Rethinking Privacy in the Age of AI

By David Hoffman, Associate General Counsel and Global Privacy Officer and Riccardo Masucci, Global Director of Privacy

People are talking about AI’s enormous potential in life-enhancing and potentially life-saving technologies: precision medicine, disease detection, driving assistance, increased productivity, workplace safety, better access to education and more. At Intel we are developing many of these technologies, and we are focused on integrating artificial intelligence capability across the global digital infrastructure. At the same time, we recognize the need to consider possible implications of AI on individuals and society – particularly when it comes to privacy and data protection.

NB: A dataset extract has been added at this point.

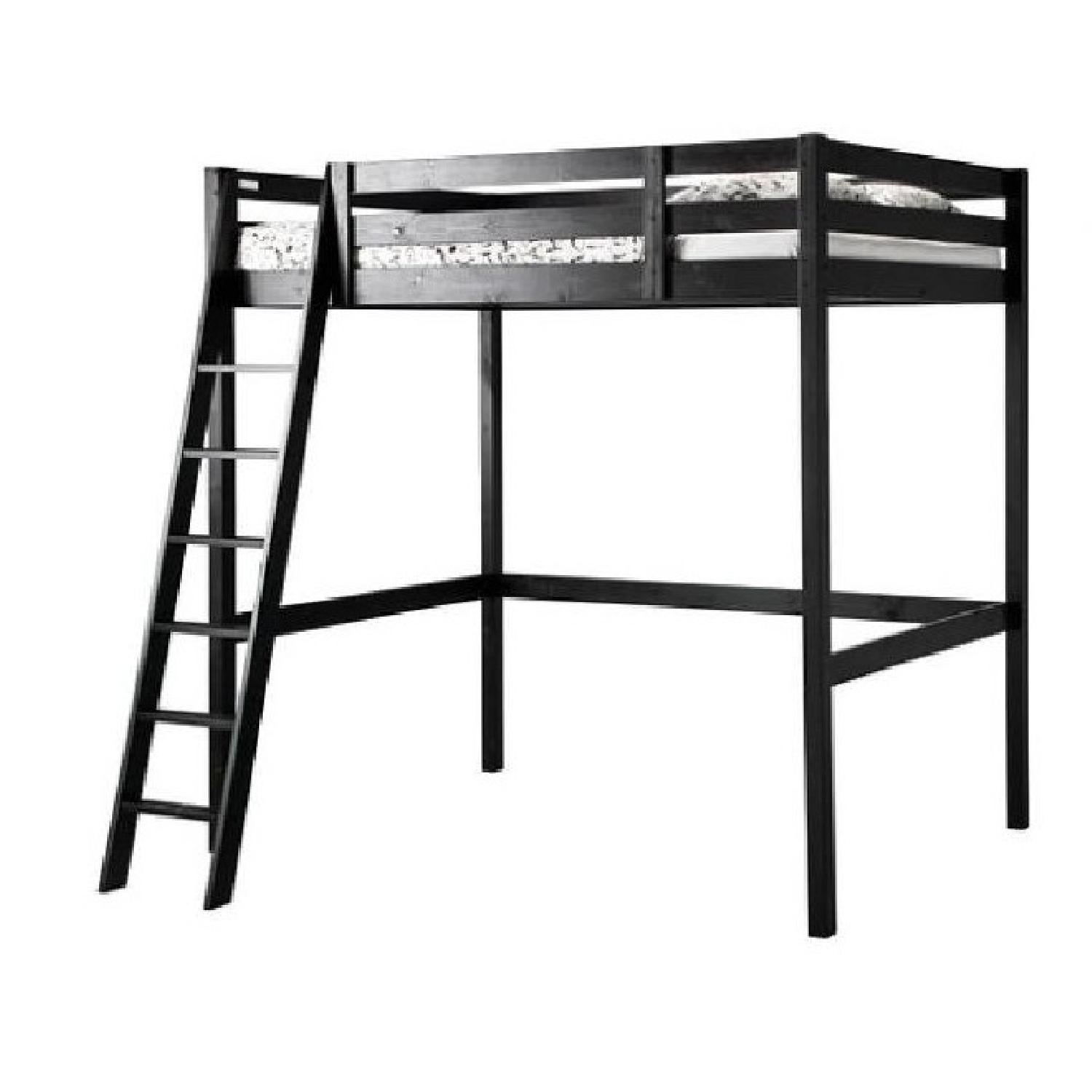 Seller's Notes:Ikea (Stora) Loft Bed Frame Black Wood (Full / Double) Over a year with slight scratches. Perfectly functional. Perfect for NYC apartment with limited space.
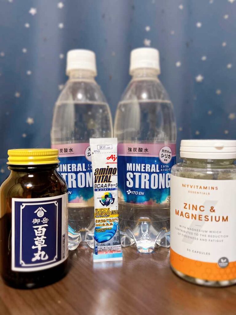ミネラル入りの炭酸水、マグネシウム、胃腸薬(百草丸)を毎日飲みました。

During the 40th International Conference of Data Protection and Privacy Commissioners, we released a paper on Protecting Individuals’ Privacy and Data in the Artificial Intelligence World. Due to advances in computing power, data collection and analytics, many technologies are able to make autonomous determinations in near-real time – a capability that has implications for privacy. With this in mind, we make five observations:

  • Increased automation should not translate to less privacy protection
  • Explainability needs more accountability, meaning organizations need to demonstrate they have the processes to explain how algorithms come up with specific results
  • Ethical data processing is built on privacy
  • Privacy protects who we are (how others see us and how we see ourselves)
  • Encryption and de-identification help address privacy in AI

We then offer six policy recommendations for privacy in the age of AI:

  • New legislative and regulatory initiatives should be comprehensive, technology neutral, and support the free flow of data: Horizontal legislation can encompass both data uses and technologies that fall outside existing sectoral laws and that are still unforeseen.
  • Organizations should embrace risk-based accountability approaches, putting in place technical (privacy-by-design) or organizational measures (product development lifecycles and ethics review boards) to minimize privacy risks in AI.
  • Automated decision making should be fostered while augmenting it with safeguards to protect individuals: Legitimate interest should be acknowledged as legal basis for data processing for AI. Industry and governments should work together on algorithm explainability and risk-based degrees of human oversight to minimize risk to citizens from automated decision-making.
  • Governments should promote access to data, for example, opening up government data, supporting the creation of reliable datasets available to all, fostering incentives for data sharing, investing in the development of voluntary international standards (i.e., for algorithmic explainability) and promoting cultural diversity in datasets.
  • Funding research in security is essential to protect privacy in areas like homomorphic encryption, which can enable more protected analysis of personal data.
  • It takes data to protect data: Algorithms can help detect unintended discrimination and bias, and identity theft risks or cyber threats.

We welcome the opportunity to discuss these issues further as well as to receive feedback on our proposals. Intel stands ready to work closely with all interested stakeholders worldwide to develop viable pathways to pursue AI innovation and privacy together.